Week 3 Notes: Measures of Center, Variability, Boxplots, and Location in Distributions (Sections 3.1-3.4)

3.1 Measures of Center
  • Central tendency concepts: mode, mean, or median describe the center of a distribution.

  • Mode: most frequent observation(s). Not necessarily central; can have multiple or no modes.

    • Example: data set 2, 4, 6, 7, 3, 2, 2, 1, 2, 1 has a mode of 2.

    • Excel: MODE.MULT(highlight data).

  • Mean (average): sum of observations divided by number of observations.

    • Formula: \bar{x} = \frac{x1 + x2 + x3 + \cdots + xn}{n}

    • Sensitive to outliers: outliers affect the mean.

  • Median: middle value when data are ordered.

    • For odd n: median = x_{((n+1)/2)}.

    • For even n: median = (x{(n/2)} + x{(n/2 + 1)}) / 2.

    • Data MUST be ordered.

    • Excel: =MEDIAN(highlight data).

    • Resistant to outliers (unlike the mean).

  • When to use:

    • Skewed or with outliers: Prefer the median.

    • Roughly symmetric with no outliers: Mean is a good summary.

  • Comparing mean and median (shape):

    • Skewed to the left: Mean < Median. (The original note was truncated here, inferring the standard comparison for left-skewed distributions.)

3.2 Measuring Variability
  • Goals: Find range, calculate/interpret standard deviation (s or \sigma), find/interpret interquartile range (IQR).

  • Intuition: Distributions with the same center can have different spreads.

  • Range: largest value - smallest value = \text{Range} = \max(xi) - \min(xi).

    • Tells spread between extremes; NOT resistant to outliers.

    • Excel: =MAX(range) - MIN(range).

  • Interquartile Range (IQR): Measure of spread robust to outliers; aligns with median.

    • Quartiles:

    • Q1: median of bottom 50% (25th percentile).

    • Q3: median of top 50% (75th percentile).

    • IQR definition: IQR = Q3 - Q1. Never negative.

    • Excel: Q1 = QUARTILE.INC(range, 1), Q3 = QUARTILE.INC(range, 3); IQR = Q3 - Q1.
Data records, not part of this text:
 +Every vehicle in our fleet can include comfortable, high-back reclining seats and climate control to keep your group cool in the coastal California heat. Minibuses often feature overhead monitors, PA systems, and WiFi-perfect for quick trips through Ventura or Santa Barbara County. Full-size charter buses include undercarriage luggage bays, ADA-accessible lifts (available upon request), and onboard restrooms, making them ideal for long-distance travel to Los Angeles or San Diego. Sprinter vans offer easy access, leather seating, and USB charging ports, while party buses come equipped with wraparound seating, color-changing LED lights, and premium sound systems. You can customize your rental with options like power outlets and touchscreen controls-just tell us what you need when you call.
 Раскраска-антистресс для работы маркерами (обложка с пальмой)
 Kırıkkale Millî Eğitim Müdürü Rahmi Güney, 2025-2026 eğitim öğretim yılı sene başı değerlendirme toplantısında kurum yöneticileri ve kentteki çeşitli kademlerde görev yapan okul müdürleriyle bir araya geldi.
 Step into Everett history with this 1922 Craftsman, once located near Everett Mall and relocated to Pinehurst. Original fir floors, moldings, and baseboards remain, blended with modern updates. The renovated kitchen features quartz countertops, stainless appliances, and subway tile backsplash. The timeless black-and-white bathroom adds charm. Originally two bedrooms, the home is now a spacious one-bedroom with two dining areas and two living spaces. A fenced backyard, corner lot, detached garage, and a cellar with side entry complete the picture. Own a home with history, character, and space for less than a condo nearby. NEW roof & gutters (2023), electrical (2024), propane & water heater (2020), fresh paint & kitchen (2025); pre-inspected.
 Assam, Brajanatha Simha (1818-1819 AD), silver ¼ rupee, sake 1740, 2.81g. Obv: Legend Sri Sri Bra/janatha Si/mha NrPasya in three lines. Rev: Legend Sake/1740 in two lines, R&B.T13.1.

    • 5-number summary: (min, Q1, median, Q3, max) often used with IQR.

  • Standard deviation (SD): How much observations differ from their mean, on average.
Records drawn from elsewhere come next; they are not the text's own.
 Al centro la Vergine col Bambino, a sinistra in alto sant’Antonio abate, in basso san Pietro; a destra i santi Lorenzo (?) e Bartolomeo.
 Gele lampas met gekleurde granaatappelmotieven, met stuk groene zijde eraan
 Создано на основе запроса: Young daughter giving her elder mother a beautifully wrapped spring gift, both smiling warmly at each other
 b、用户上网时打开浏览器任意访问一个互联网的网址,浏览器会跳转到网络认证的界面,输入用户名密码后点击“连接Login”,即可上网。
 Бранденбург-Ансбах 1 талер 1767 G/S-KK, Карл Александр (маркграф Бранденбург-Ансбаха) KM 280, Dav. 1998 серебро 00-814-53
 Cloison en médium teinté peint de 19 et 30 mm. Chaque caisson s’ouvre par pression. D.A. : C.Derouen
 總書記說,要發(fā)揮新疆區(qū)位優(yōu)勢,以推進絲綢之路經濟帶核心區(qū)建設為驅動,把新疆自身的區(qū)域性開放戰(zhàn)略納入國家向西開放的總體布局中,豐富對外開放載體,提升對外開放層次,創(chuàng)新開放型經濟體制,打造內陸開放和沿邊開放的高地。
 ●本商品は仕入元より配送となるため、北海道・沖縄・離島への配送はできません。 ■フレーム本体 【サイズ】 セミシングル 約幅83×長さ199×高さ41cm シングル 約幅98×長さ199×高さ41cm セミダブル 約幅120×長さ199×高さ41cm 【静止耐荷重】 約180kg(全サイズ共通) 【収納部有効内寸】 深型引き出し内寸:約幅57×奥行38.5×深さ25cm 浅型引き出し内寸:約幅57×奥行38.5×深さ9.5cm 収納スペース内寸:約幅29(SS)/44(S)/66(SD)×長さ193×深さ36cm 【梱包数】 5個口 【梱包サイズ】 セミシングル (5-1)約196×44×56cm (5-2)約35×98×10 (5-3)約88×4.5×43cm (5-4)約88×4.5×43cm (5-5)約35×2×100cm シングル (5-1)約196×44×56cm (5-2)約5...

    • Sample SD: s = \sqrt{\frac{\sum{i=1}^n (xi - \bar{x})^2}{n-1}}.

    • Population SD: \sigma = \sqrt{\frac{\sum{i=1}^n (xi - \mu)^2}{n}}.

    • NOT resistant to outliers (outliers inflate SD).
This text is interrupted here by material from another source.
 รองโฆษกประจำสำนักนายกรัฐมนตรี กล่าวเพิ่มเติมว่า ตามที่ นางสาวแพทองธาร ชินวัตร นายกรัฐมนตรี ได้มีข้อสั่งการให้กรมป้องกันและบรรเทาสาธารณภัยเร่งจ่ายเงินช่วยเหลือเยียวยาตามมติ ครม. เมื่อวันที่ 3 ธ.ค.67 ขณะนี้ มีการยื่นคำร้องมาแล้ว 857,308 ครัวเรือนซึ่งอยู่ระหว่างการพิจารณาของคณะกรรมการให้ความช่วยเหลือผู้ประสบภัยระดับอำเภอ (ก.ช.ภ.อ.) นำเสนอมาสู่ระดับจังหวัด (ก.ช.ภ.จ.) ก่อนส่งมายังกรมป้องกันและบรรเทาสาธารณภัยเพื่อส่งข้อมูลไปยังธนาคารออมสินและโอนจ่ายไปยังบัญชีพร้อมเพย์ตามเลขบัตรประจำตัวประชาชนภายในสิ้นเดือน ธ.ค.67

    • Excel: =STDEV.S(range) (sample), =STDEV.P(range) (population).

  • Choosing variability measure:

    • Symmetric/no outliers: Use standard deviation.

    • Skewed/outliers: Use IQR.

3.3 Boxplots and Outliers
  • 1.5xIQR rule for outliers:

    • Lower cutoff: Q_1 - 1.5\times\text{IQR}.

    • Upper cutoff: Q_3 + 1.5\times\text{IQR}.

    • Observations outside these cutoffs are suspected outliers.

  • Boxplot features: Uses the 5-number summary (min, Q1, median, Q3, max).

    • Box spans from Q1 to Q3; median line inside.

    • Whiskers extend to smallest/largest non-outlier values.

    • Outliers marked with an asterisk or dot.

    • Conveys center (median) and spread (IQR, whiskers); does not show sample size.

  • Construction steps:

    1. Find 5-number summary.

    2. Draw scaled horizontal axis.

    3. Draw box Q1-Q3.

    4. Draw median line in box.

    5. Extend whiskers to non-outlier data; mark outliers.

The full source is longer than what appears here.